══ Records for this exercise
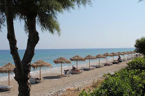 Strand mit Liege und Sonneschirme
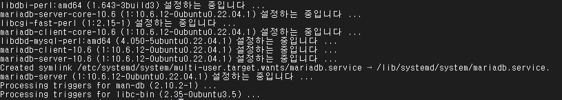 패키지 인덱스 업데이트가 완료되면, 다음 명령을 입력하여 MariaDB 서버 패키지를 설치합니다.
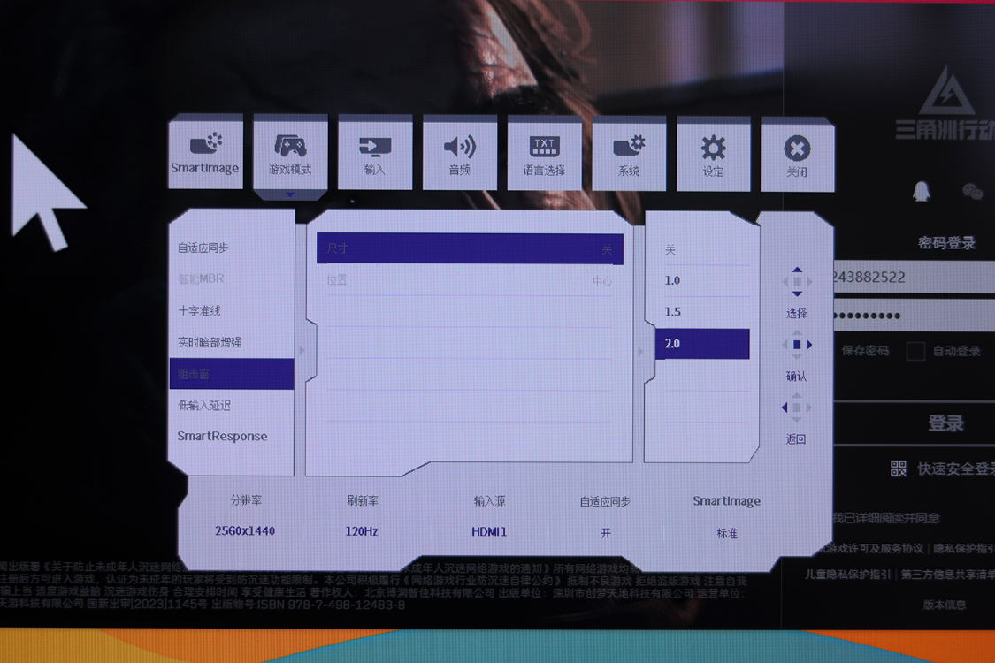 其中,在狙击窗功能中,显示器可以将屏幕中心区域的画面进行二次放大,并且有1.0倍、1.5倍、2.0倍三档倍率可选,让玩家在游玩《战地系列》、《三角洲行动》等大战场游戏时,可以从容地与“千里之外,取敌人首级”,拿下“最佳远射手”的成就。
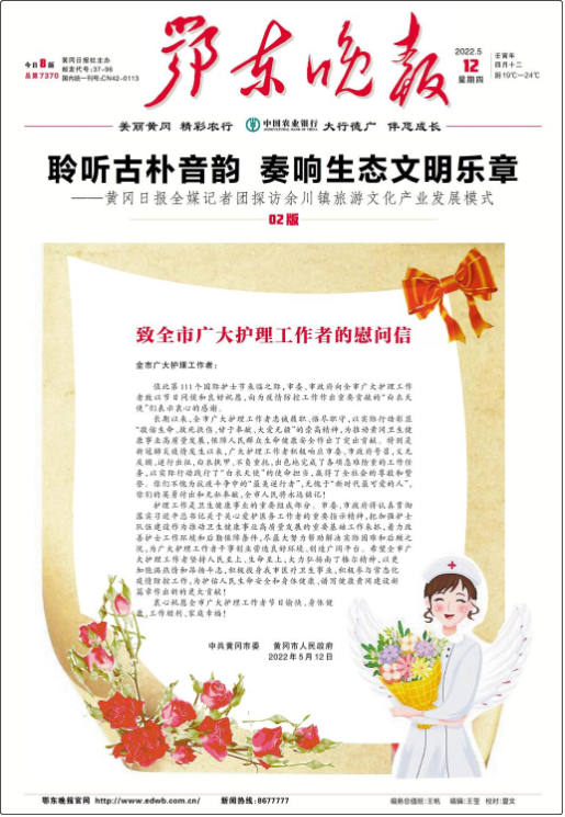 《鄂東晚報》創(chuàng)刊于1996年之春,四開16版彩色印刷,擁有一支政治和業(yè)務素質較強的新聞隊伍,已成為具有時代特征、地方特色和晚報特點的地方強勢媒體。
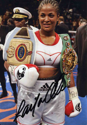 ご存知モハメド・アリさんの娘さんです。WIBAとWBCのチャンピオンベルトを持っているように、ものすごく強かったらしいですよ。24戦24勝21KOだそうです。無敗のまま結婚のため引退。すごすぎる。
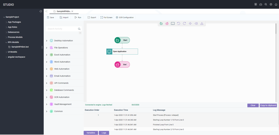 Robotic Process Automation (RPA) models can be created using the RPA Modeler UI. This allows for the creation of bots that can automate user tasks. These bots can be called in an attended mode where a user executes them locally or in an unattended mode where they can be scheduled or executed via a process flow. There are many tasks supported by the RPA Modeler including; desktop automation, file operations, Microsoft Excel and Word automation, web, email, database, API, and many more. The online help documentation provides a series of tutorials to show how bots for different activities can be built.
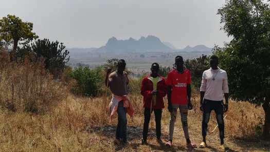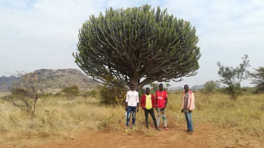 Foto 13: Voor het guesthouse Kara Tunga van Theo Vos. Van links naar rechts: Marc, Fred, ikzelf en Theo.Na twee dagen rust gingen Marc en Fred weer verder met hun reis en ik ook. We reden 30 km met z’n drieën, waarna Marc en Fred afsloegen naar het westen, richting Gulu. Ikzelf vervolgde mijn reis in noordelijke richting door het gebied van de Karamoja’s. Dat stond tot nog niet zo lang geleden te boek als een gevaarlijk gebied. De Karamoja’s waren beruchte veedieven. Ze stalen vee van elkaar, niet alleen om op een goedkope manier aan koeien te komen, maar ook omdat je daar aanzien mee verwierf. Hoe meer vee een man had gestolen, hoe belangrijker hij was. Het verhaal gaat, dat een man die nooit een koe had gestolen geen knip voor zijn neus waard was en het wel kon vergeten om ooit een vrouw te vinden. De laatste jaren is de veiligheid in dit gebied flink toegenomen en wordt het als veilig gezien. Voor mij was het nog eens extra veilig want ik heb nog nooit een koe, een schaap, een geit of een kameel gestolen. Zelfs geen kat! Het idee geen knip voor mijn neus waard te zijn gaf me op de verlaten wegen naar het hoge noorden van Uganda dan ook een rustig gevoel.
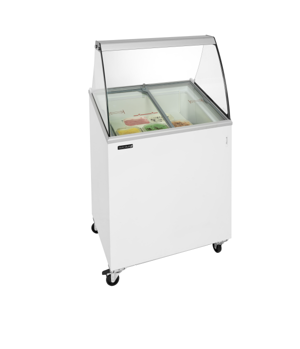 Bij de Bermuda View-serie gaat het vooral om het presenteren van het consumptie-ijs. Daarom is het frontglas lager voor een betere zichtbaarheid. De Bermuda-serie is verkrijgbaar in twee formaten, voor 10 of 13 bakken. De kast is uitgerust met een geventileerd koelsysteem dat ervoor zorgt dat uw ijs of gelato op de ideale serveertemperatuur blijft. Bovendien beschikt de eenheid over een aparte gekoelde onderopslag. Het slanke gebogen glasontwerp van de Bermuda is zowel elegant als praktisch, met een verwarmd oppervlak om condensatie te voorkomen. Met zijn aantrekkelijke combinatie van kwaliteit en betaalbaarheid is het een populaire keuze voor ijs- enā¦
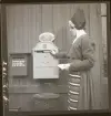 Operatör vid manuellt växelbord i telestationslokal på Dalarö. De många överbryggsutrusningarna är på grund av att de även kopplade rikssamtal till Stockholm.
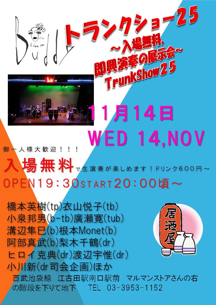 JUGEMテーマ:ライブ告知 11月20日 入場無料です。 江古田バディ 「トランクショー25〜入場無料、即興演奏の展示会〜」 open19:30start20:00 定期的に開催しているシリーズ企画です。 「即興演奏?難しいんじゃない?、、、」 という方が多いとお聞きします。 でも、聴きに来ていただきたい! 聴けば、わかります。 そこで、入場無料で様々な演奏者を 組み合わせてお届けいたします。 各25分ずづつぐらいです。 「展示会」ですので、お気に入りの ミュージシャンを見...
════
Task to complete
Your answer is the exact run of lines above from the one with "ご存知モハメド・アリさんの娘" through the one with "Robotic Process Automation", both ends included, minus any picture.

The completed task
 ご存知モハメド・アリさんの娘さんです。WIBAとWBCのチャンピオンベルトを持っているように、ものすごく強かったらしいですよ。24戦24勝21KOだそうです。無敗のまま結婚のため引退。すごすぎる。
 Robotic Process Automation (RPA) models can be created using the RPA Modeler UI. This allows for the creation of bots that can automate user tasks. These bots can be called in an attended mode where a user executes them locally or in an unattended mode where they can be scheduled or executed via a process flow. There are many tasks supported by the RPA Modeler including; desktop automation, file operations, Microsoft Excel and Word automation, web, email, database, API, and many more. The online help documentation provides a series of tutorials to show how bots for different activities can be built.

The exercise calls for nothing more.